7. When did you decide to become a scholar/critic/neither? Did you decide?

I don't know if I decided. One of my earliest memories is of my mother showing me how to use a toy microscope. My grandmother had a collection of my childhood drawings, and I'd doodle animals all the time—and they'd all have a cloud of scribbles over their heads. Apparently, I explained to her that they were their brains. And then, of course, I loved to go fishing with my dad, and my favorite part was the cleaning afterwards, when we'd poke around and identify all the guts. I used to abscond to the basement with kitchen scraps—I recall getting a chicken heart to twitch with a battery, but that livers were sadly unresponsive. And I thought my grandma was the coolest person ever when she visited the slaughterhouse and came back with a bucket of organ meats, and we got to wash and chop and cook them together, and then eat them.

It's nothing to compare with Dr Evil's childhood, but I was warped early.

8. Has blog writing affected the way you write in other venues? The way you read?

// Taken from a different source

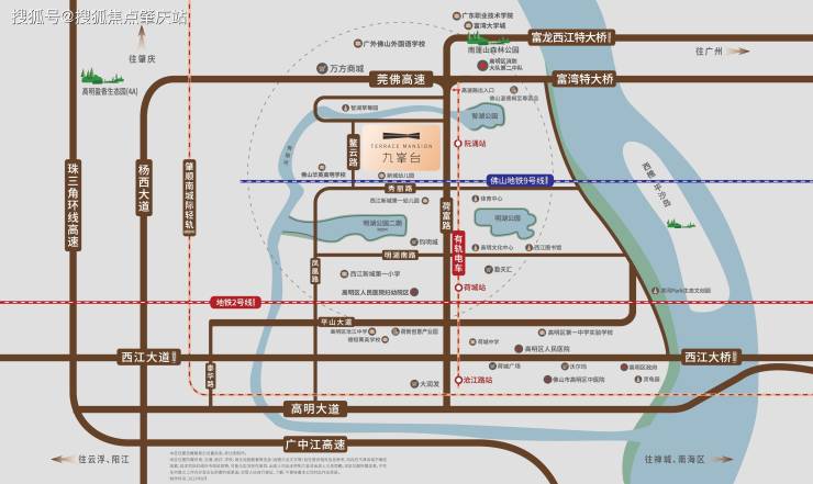 项目距离有轨电车阮涌站仅约200米,约20分钟可链接整个高明新旧城区,仅5站到规划的佛山地铁2号线荷城站,未来,约60分钟可直通广州南站,快速链接湾区城市群,这种优势,才能做到“出则繁华,入则宁静”的动静兼得生活圈,才赋予了高明国资首个大平层豪宅项目“九峯台”。

Definitely. I use it to organize my thoughts a bit, and I find myself reading papers and considering how to extract some of the material in less technical form for the weblog. And that also leads into more readily tying it into my classes.

9. Do you still read blogs or other webpages even if the design/print is unappealing or difficult to read?

Yes, sort of…really hideous sites are read through my newsreader, and I don't go to them directly. If the site is ugly and doesn't offer full rss access, though, I will abandon it. It's not as if there is a shortage of weblogs out there.

10. Have you ever bought a book because of the cover/design? Which book(s)?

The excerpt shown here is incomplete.